И уже сам нашел взглядом этого гэбэшника. И демонстративно, высоко на руках понес еще одного ребенка с советской территории, как выносят детей из радиоактивной зоны, и не было в тот момент на земле мужчины сильней и счастливей меня! Я чувствовал себя сионистом, солдатом, бойцом, гранитным памятником на Мамаевом кургане! Если бы тот гэбэшник поднял сейчас пистолет, я бы с ликующим криком прикрыл этого ребенка своей грудью. Да, есть вещи, о которых люди пишут с гордостью, а есть — о которых умалчивают от скромности. Я же горжусь, что в тот момент чувствовал себя стопроцентным евреем и стопроцентным мужчиной.

Я шел по трапу с ребенком на руках и смотрел этому гэбэшнику прямо в глаза. И было такое напряжение в нашей молчаливой дуэли взглядов, что все обратили на это внимание, все замолчали на миг, а мать девочки-скрипачки сказала мне:

— Умоляю, не дразните его!

— Почему? — улыбнулся я и, так и не отводя взгляда от светло-голубых глаз гэбэшника, передал жене сварщика ее грудного ребенка.

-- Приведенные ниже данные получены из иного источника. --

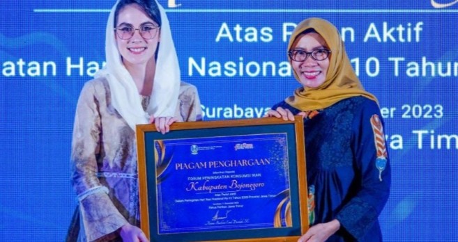 Forum Peningkatan Konsumsi Ikan (FORIKAN) Kabupaten Bojonegoro terima penghargaan dari FORIKAN Jawa Timur pada peringatan Hari Ikan Nasional Tahun 2023 Provinsi Jatim, penghargaan diberikan langsung oleh Ketua FORIKAN Prov. Jawa Timur Arumi Bachsin kepada Ketua FORIKAN Kab. Bojonegoro Dian Adiyanti Adriyanto.

И тут гэбэшник сам отвернулся.

Он отвернулся с выражением полного безразличия на лице, но мы-то с ним уже поняли друг друга!

Он отвернулся, вышел из автобуса и перешел в служебный мини-автобусик, который прикатил за советским экипажем — пилотами и стюардессами.

Он присоединился к ним, к советской команде, и мини-автобус повез их куда-то в глубину аэропорта. Но в самый последний миг, когда автобус уже сворачивал за угол аэровокзала, этот гэбэшник вскинул глаза и глянул на меня таким взором — именно «взором»! — каким смотрят сквозь прицел снайперской винтовки…

Тут с Бродвея ворвалась в окно очередная не то полицейская, не то медицинская сирена. Я посмотрел на телефонную трубку в руке, она уже, наверно, давно пищала этими короткими гудками. Я вспомнил, что советское посольство выдало мне визу на поездку в СССР. Мне — единственному из всей делегации.

Я дал отбой, прокашлялся и потом медленно набрал на телефонном диске бостонский код 617 и номер своего адвоката.

— Attorney Breslaw's office [Офис адвоката Бреслава], — тут же отозвался молодой и звонкий женский голос.

— May I talk to Mr.Breslaw [Господина Бреслава, пожалуйста], — сказал я, все еще видя перед собой глаза того гэбэшника.